Still, box plots aren’t perfect. If a set of data points are clustered in two or more spots (bimodal or multimodal distributions, respectively), a box plot can hide that fact. For medium to large data sets with these distributions, Weissgerber says a better option is a violin plot, so called because of its resemblance to the instrument. These data are typically plotted symmetrically around a central axis. “If your data are bimodal, a violin plot will show that very nicely,” Weissgerber says. “You’ll have a bulge at the top and a bulge at the bottom and this thin bit in the center.”
Although Weissgerber discourages the use of bar graphs, she also emphasizes that they’re not evil. “If you’re showing counts or proportions, that’s what a bar graph is designed for, and you should definitely use it,” she says. “When we say don’t use bar graphs, it’s for continuous data—something such as age or heart rate that has a range of values and a distribution that’s hard to represent in the bar graph shape.”
Weissgerber hopes that when scientists address problems with data visualization, the experience will encourage them to think about other statistical issues.
“A lot of people are uncomfortable with talking about statistical issues. Some of them never had statistics training at all; others had statistics training that wasn’t designed for them,” she says. When Weissgerber showed her statistician colleagues what she was learning about the ways people were using statistics, “they both said, ‘I would have designed courses completely differently if I’d known these were the types of sample sizes people were using and the type of questions they were asking.’ ” What works for epidemiologists, who work with large data sets, doesn’t work for basic biomedical scientists.
Weissgerber and her colleagues are providing tools to help improve data visualization for studies with small sample sizes. They already have a free web-based tool for generating line graphs (PLOS Biol. 2016, DOI: 10.1371/journal.pbio.1002484), which is available at statistika.mfub.bg.ac.rs/interactive-linegraph. Weissgerber expects to publish something similar for dot plots soon. The team advocates using interactive data sets and graphics.
“There are limits to what you can present in a static graph,” she says. “As soon as your data set gets a little larger, a little more complex, you end up with a lot of crossing lines, and it’s just a huge mess.”

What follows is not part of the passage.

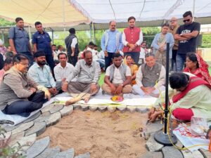 नगर के नए बस स्टैंड में 68.98 लाख की लागत से बनाये जाने वाले डोम शेड निर्माण कार्य का भूमि पूजन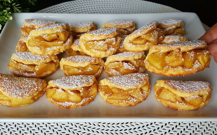 Priprema: Umesite testo od navedenih sastojaka. Pre toga pripremite fil. Testo razvaljajte na ravnu površinu, isecite ga većom čašom na krugove. Krugove filujte i presavijte. Pecite i pečeno pospite prah šećerom. Uživajte.

With interactive graphics, for instance, if people are reading a journal article, they can turn to the supplementary information and plot the things they most want to see from the data set. Such data treatments can help tease apart overlapping groups and differences in response patterns.
But no matter how data are represented, the most important thing is transparency, Weissgerber says. “As scientists, we need to be able to critically evaluate the work of others. Bar graphs stop us from doing that because they conceal the underlying data.”